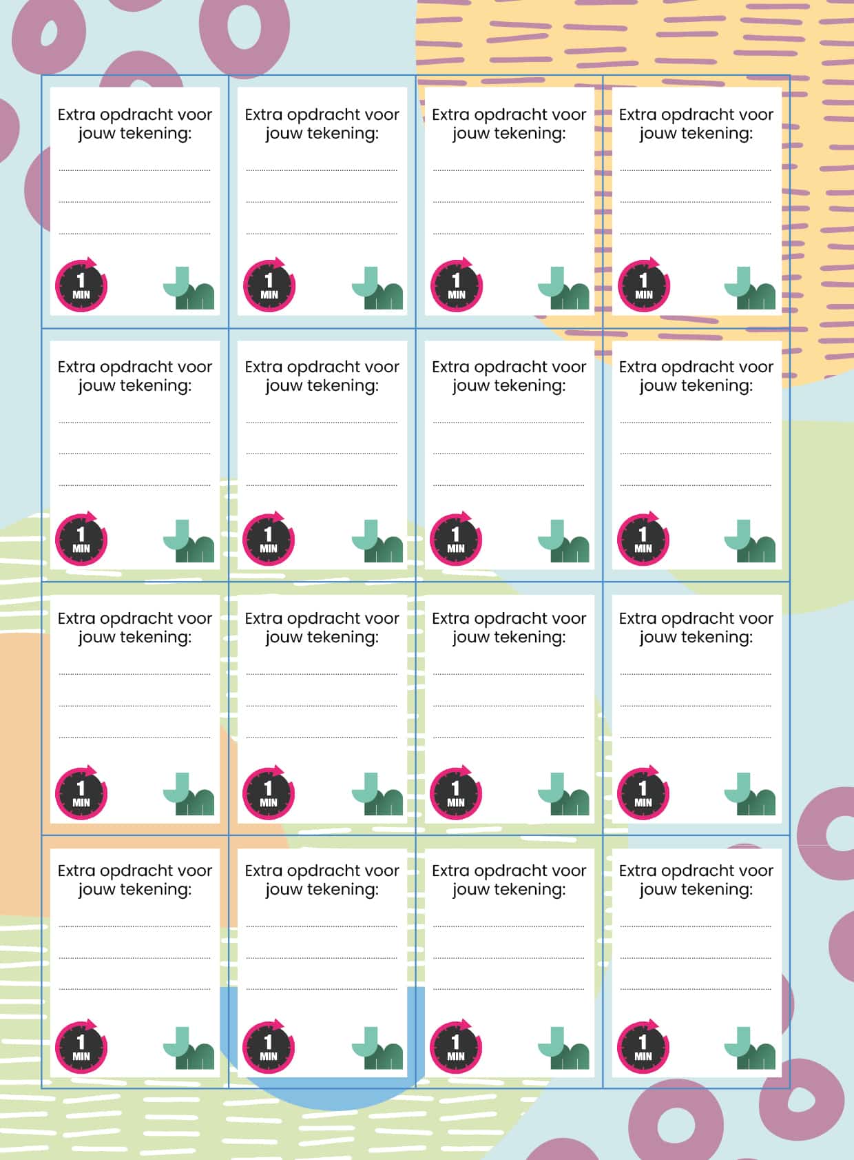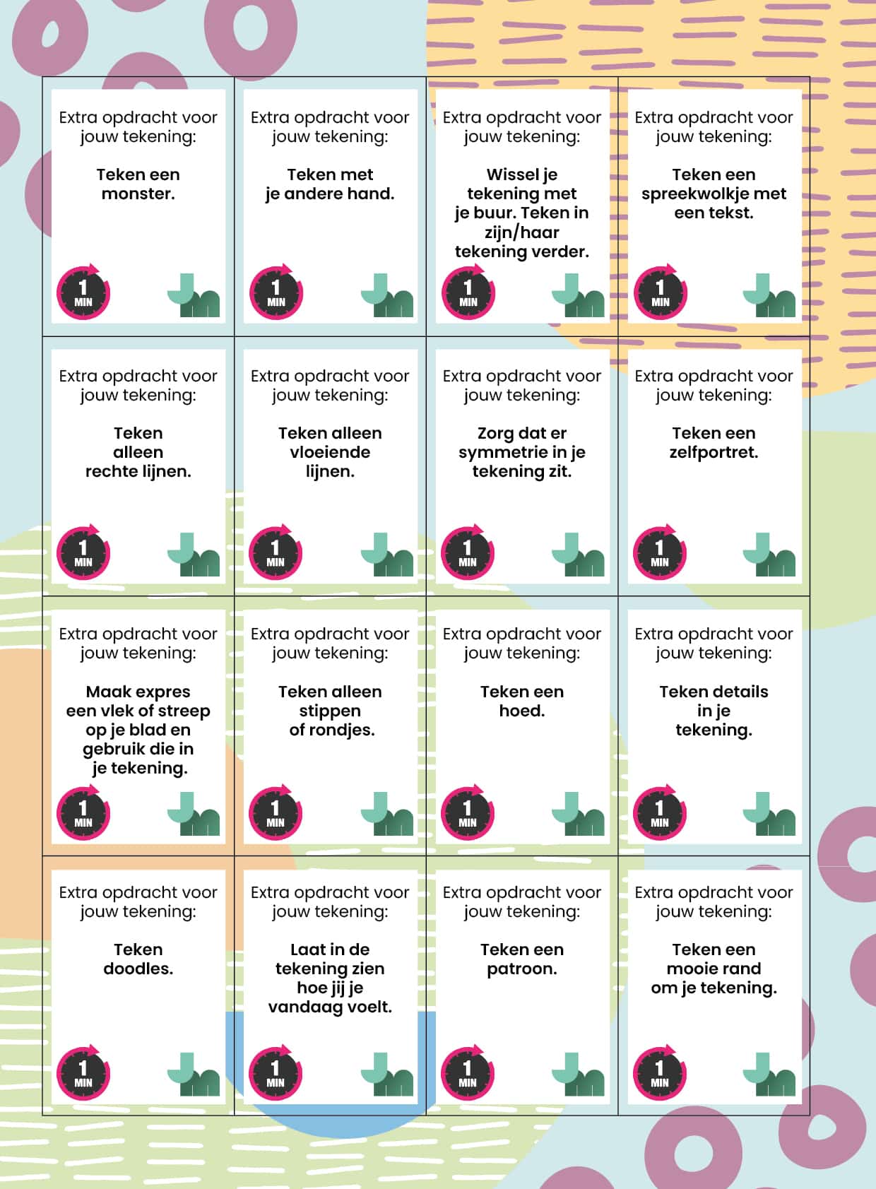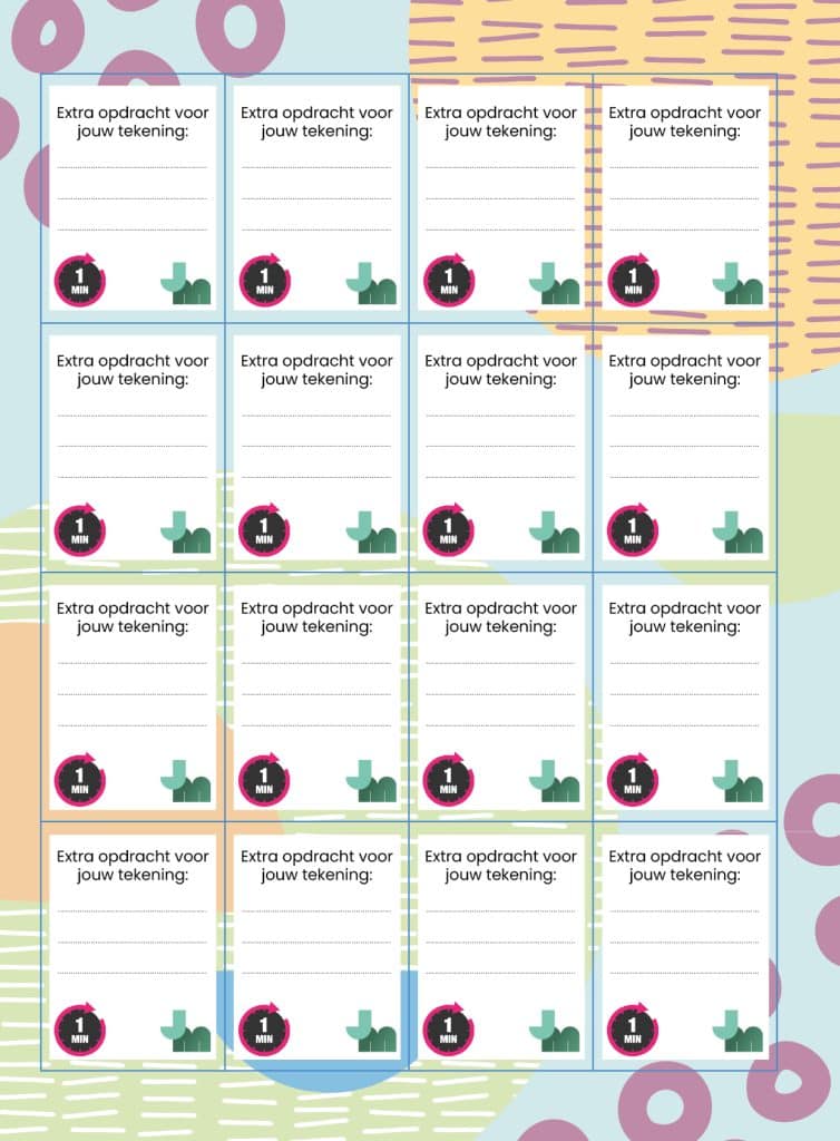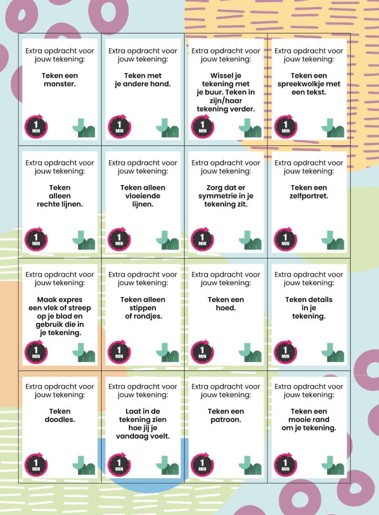 - Deel na enkele minuten de kaartjes uit: elk tweetal krijgt één kaartje. Op het kaartje staat een tekenopdracht die ze allebei in hun eigen tekening moeten verwerken. Ze krijgen hiervoor één minuut de tijd. Benadruk dat de kinderen niet te veel over de opdracht na moeten denken, maar juist moeten tekenen wat in hen opkomt.
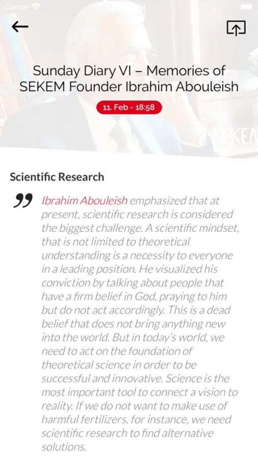 By using this app you will stay up to date and have all relevant information about SEKEM and its activities with you wherever you are. The integrated push notification option will offer you to not miss any new article.
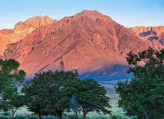 This mountain's name was officially adopted in 1937 by the U.S. Board on Geographic Names to honor the legendary Paiute chief, Tinemaha.[3] The peak was known by this name to the early prospectors and cattlemen of Owens Valley.[5] The first ascent of the summit was made July 1, 1937, by Chester Versteeg, a prominent Sierra Club member.[6] Chester Versteeg submitted the name to the board for consideration.[3]
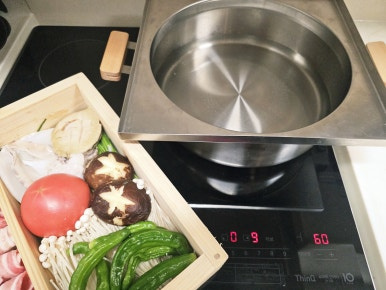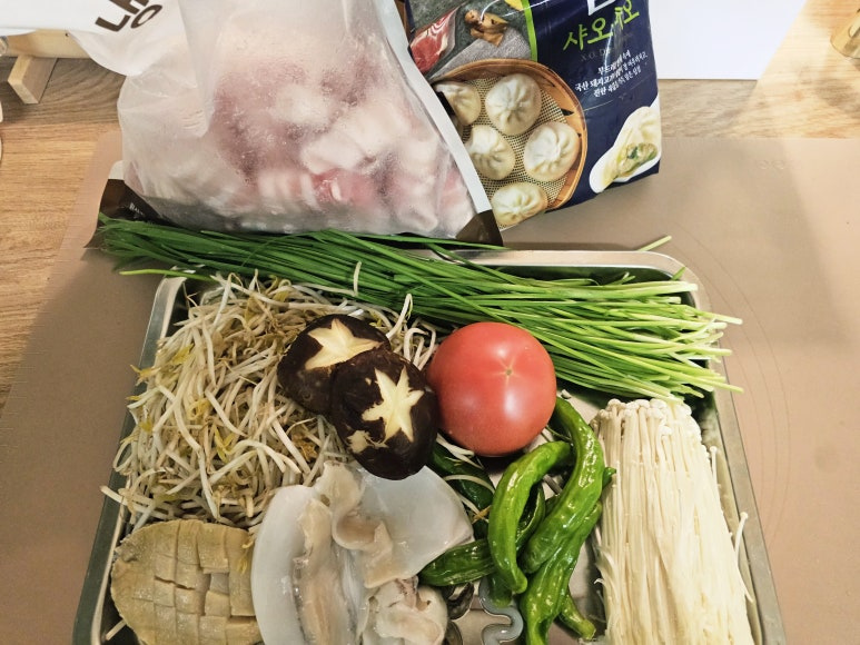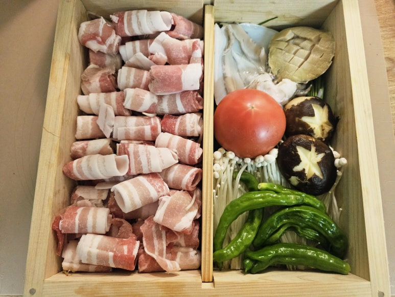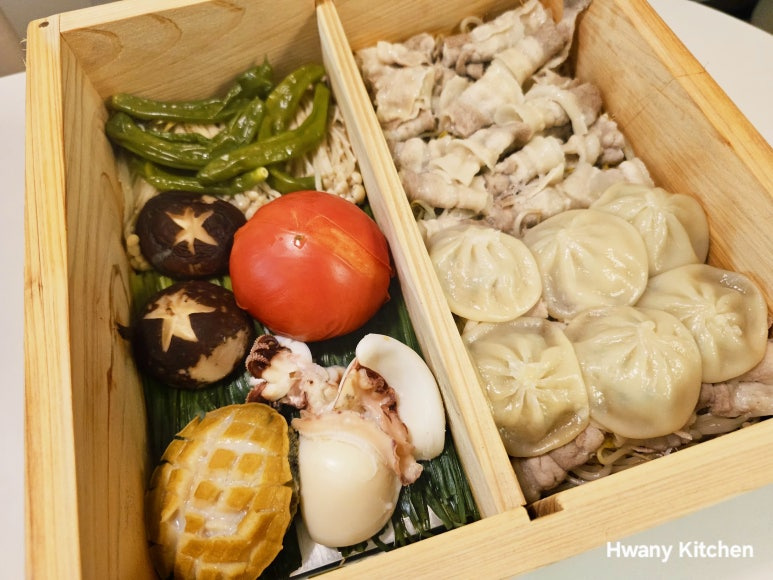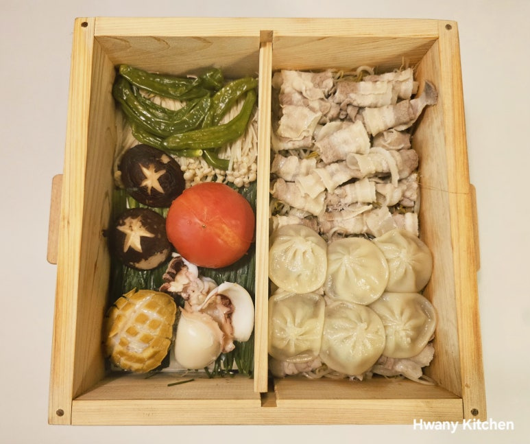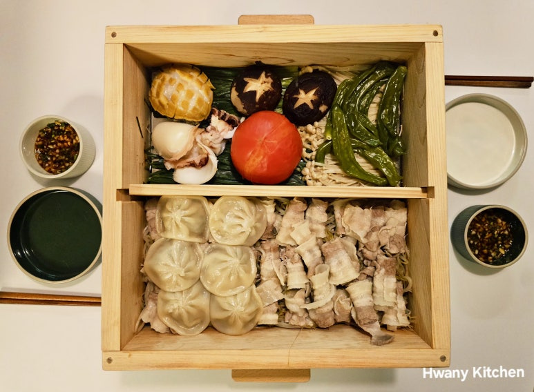 숙주나물위에 대패삼겹살을 하나하나 이쁘게 쌓아주고 옆칸에는 준비해놓은 갑오징어, 전복, 꽈리고추, 토마토(방울토마토도 아주 좋음, 편백향이 스며든 토마토 대박 맛남) 그리고 배를 든든히 채우기위해 냉동만두도 넣어서 세팅해주고 뜨거운 스팀으로 찜해주러 GO GO~

#### WHAT YOU HAVE TO DO:
Skipping the pictures, transcribe each line above exactly as it appears.

#### THE ANSWER:
 - Deel na enkele minuten de kaartjes uit: elk tweetal krijgt één kaartje. Op het kaartje staat een tekenopdracht die ze allebei in hun eigen tekening moeten verwerken. Ze krijgen hiervoor één minuut de tijd. Benadruk dat de kinderen niet te veel over de opdracht na moeten denken, maar juist moeten tekenen wat in hen opkomt.
 By using this app you will stay up to date and have all relevant information about SEKEM and its activities with you wherever you are. The integrated push notification option will offer you to not miss any new article.
 This mountain's name was officially adopted in 1937 by the U.S. Board on Geographic Names to honor the legendary Paiute chief, Tinemaha.[3] The peak was known by this name to the early prospectors and cattlemen of Owens Valley.[5] The first ascent of the summit was made July 1, 1937, by Chester Versteeg, a prominent Sierra Club member.[6] Chester Versteeg submitted the name to the board for consideration.[3]
 숙주나물위에 대패삼겹살을 하나하나 이쁘게 쌓아주고 옆칸에는 준비해놓은 갑오징어, 전복, 꽈리고추, 토마토(방울토마토도 아주 좋음, 편백향이 스며든 토마토 대박 맛남) 그리고 배를 든든히 채우기위해 냉동만두도 넣어서 세팅해주고 뜨거운 스팀으로 찜해주러 GO GO~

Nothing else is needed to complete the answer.